[Source records]
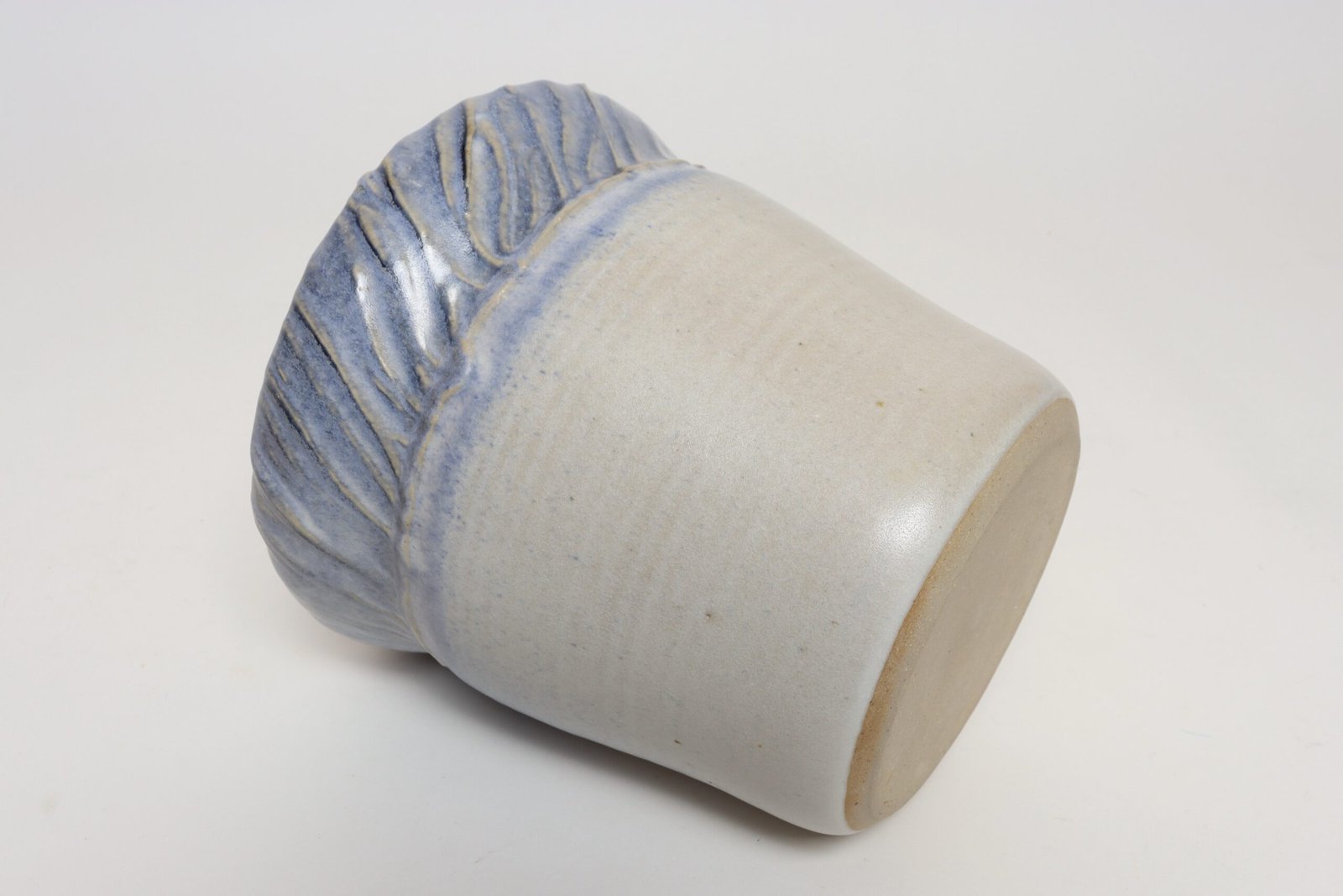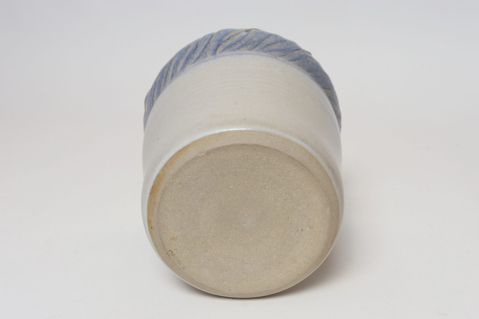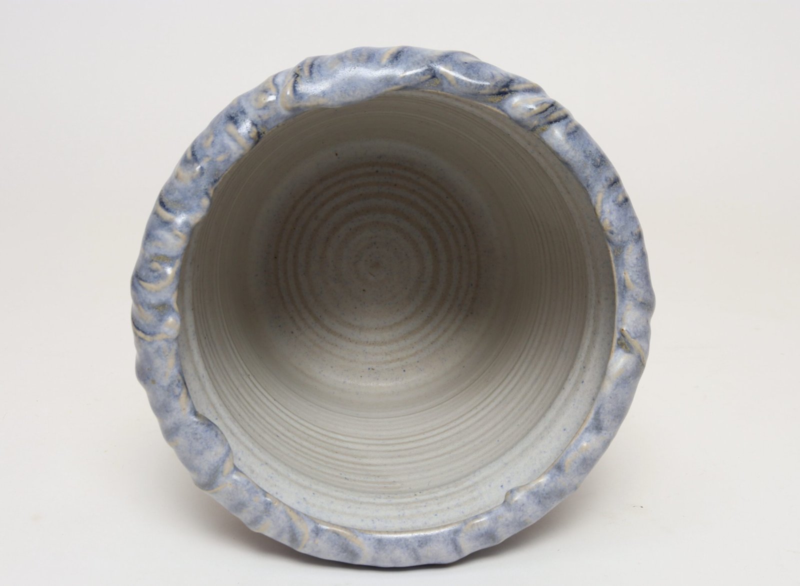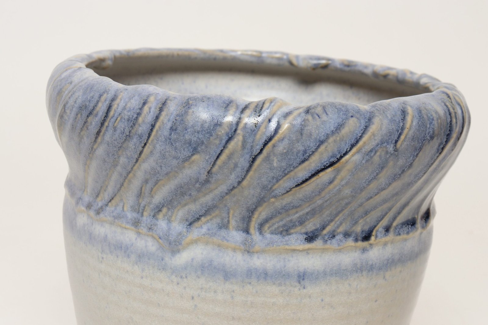 Vintage Navy and Pale Blue Incised Studio Ceramic Planter by Deanna Nichols
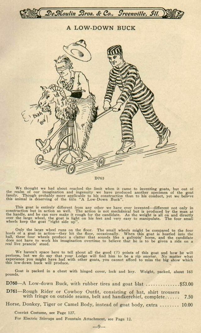 The DeMoulin’s odd business of fraternal machinery began in the late 1800s when Ed DeMoulin began working with his men’s group, the Modern Woodsmen of America, to begin crafting goats that new members would have to ride as part of their initiation. Ed had previously patented a hilarious “trick camera” that would squirt water at the unknowing subject, so his move into the prank goat industry was a natural fit. The company’s popularity soon grew and other fraternal orders such as the Odd Fellows began looking to the “goat factory” for their goofy initiation needs. Soon the DeMoulins were making spanking machines, lung tester gags, and of course, their rocking goats.
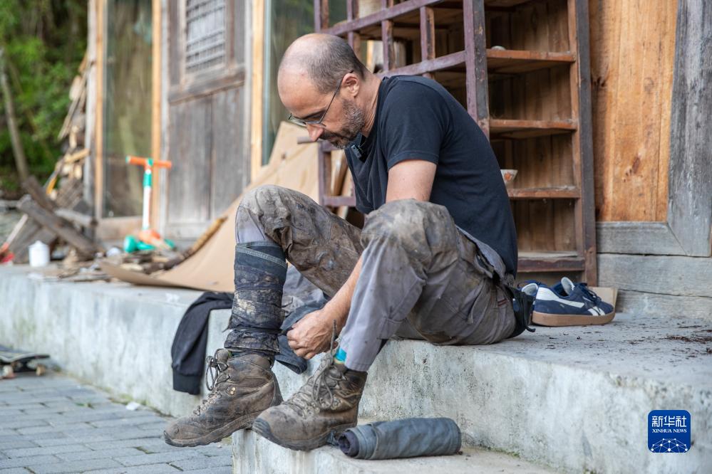 9月15日,在重慶市城口縣北屏鄉(xiāng)松柏村,文森在割漆前穿戴綁腿。
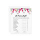 De Mexican Floral Price is Right Baby shower Game Kaart is een levendige en feestelijke manier om gasten te vermaken tijdens uw feest. Met gedurfde en kleurrijke bloemenaccenten geïnspireerd op traditionele Mexicaanse design, voegt het culturele charme en schoonheid toe aan uw evenement. Gasten zullen plezier hebben met het raden van de prijzen van baby essentials, waardoor het zowel interactief als luchtig is. De lay-out is schoon en goed gestructureerd, waardoor er voldoende ruimte is om antwoorden op te schrijven. Gedrukt op hoogwaardige karton, is de spelkaart duurzaam en gemakkelijk te hanteren. Het opvallende ontwerp brengt energie en vreugde, perfect als aanvulling op een fiesta of kleurrijk douchethema. Deze kaart trekt niet alleen gasten aan, maar maakt ook een leuke herinnering voor de aanstaande moeder. Ideaal voor groepsspel, het helpt het ijs te breken en iedereen erbij te betrekken. Een levendige en praktische toevoeging die de viering met zowel plezier als stijl verbetert.
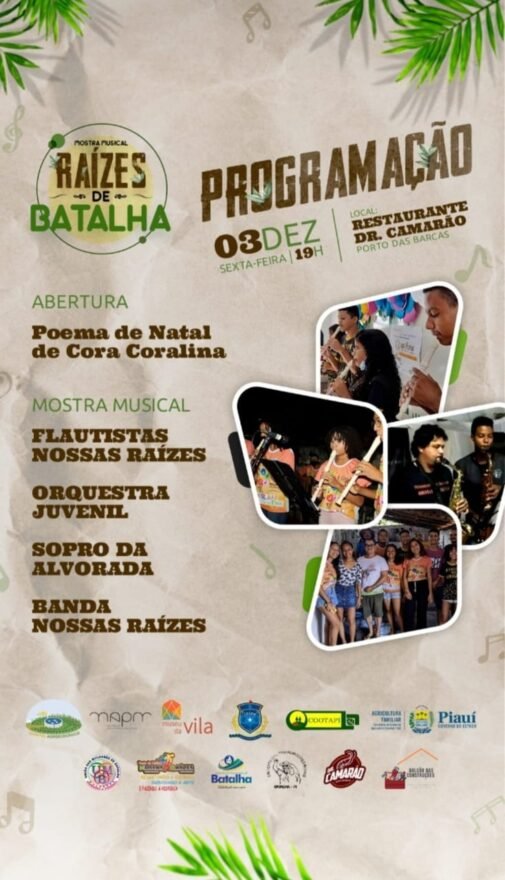 Acontece no dia 03 de dezembro de 2021 às 19h no restaurante Dr. Camarão, localizado no Porto das Barcas, a mostra musical do Ponto de Cultura “Nossas Raízes”, situado na cidade de Batalha, Piauí. Com repertórios que versam de clássicos da música nordestina à orquestra de sopro, a apresentação contará com quatro grupos musicais mantidos pelo projeto.
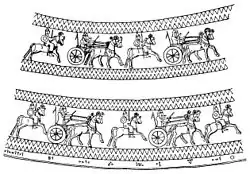 Do rydwanu zaprzęgano zwykle dwa konie. Czasami powożącego przedstawiano trzymającego cztery cugle, co mogło sugerować, że powóz bojowy był ciągnięty przez cztery konie. W rzeczywistości jednak maksymalnie do rydwanu zaprzęgano trzy konie, o czym świadczy istnienie bocznego ciągu, łączącego jednego dodatkowego konia bezpośrednio z wozem. W rydwanie mieściły się dwie osoby – woźnica i wojownik[12].
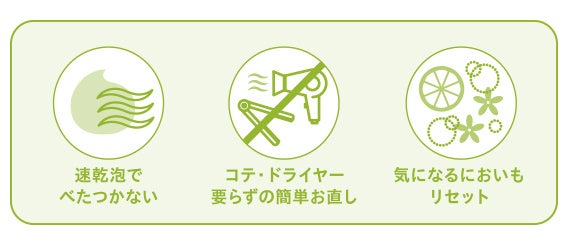 ヘアゴムや帽子のあとがついた髪に手ぐしでもみ込むだけで瞬間リセット。
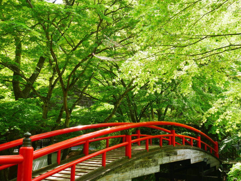 伊香保温泉の最奥部、源泉湧出口と露天風呂に隣接した「河鹿橋」は紅葉の名所としても有名ですが、新緑が美しいスポットでもあります。
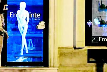 Imágenes tridimensionales sustituyen a los maniquíes. Cada vez son más las marcas que apuestan en su publicidad por cosas como la holografía, el mapping y la RA. Estamos a punto de ver una auténtica revolución en la publicidad. Esta semana hemos podido ver ejemplos de publicidad activa en los interiores de los vagones del metro. Un ejemplo de lo que viene: pantallas digitales en tiendas. El mapping supone la proyección de una animación sobre superficies reales para efectos artísticos.
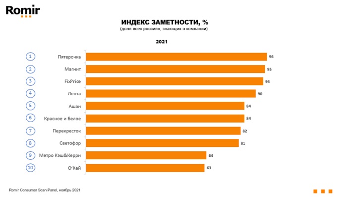 В этом году рейтинг заметности снова возглавили Пятерочка (знают эту компанию 96% респондентов), Магнит (95%) и FixPrice (94%). Также показали высокий результат и сохранили свои места в рейтинге Лента (90%), Ашан (84%) и Красное и Белое (84%).

## What you have to do
The response should consist of the lines above from the first through the one containing "Acontece no dia", transcribed exactly, with every picture left out.

## Result of this task
 Vintage Navy and Pale Blue Incised Studio Ceramic Planter by Deanna Nichols
 The DeMoulin’s odd business of fraternal machinery began in the late 1800s when Ed DeMoulin began working with his men’s group, the Modern Woodsmen of America, to begin crafting goats that new members would have to ride as part of their initiation. Ed had previously patented a hilarious “trick camera” that would squirt water at the unknowing subject, so his move into the prank goat industry was a natural fit. The company’s popularity soon grew and other fraternal orders such as the Odd Fellows began looking to the “goat factory” for their goofy initiation needs. Soon the DeMoulins were making spanking machines, lung tester gags, and of course, their rocking goats.
 9月15日,在重慶市城口縣北屏鄉(xiāng)松柏村,文森在割漆前穿戴綁腿。
 De Mexican Floral Price is Right Baby shower Game Kaart is een levendige en feestelijke manier om gasten te vermaken tijdens uw feest. Met gedurfde en kleurrijke bloemenaccenten geïnspireerd op traditionele Mexicaanse design, voegt het culturele charme en schoonheid toe aan uw evenement. Gasten zullen plezier hebben met het raden van de prijzen van baby essentials, waardoor het zowel interactief als luchtig is. De lay-out is schoon en goed gestructureerd, waardoor er voldoende ruimte is om antwoorden op te schrijven. Gedrukt op hoogwaardige karton, is de spelkaart duurzaam en gemakkelijk te hanteren. Het opvallende ontwerp brengt energie en vreugde, perfect als aanvulling op een fiesta of kleurrijk douchethema. Deze kaart trekt niet alleen gasten aan, maar maakt ook een leuke herinnering voor de aanstaande moeder. Ideaal voor groepsspel, het helpt het ijs te breken en iedereen erbij te betrekken. Een levendige en praktische toevoeging die de viering met zowel plezier als stijl verbetert.
 Acontece no dia 03 de dezembro de 2021 às 19h no restaurante Dr. Camarão, localizado no Porto das Barcas, a mostra musical do Ponto de Cultura “Nossas Raízes”, situado na cidade de Batalha, Piauí. Com repertórios que versam de clássicos da música nordestina à orquestra de sopro, a apresentação contará com quatro grupos musicais mantidos pelo projeto.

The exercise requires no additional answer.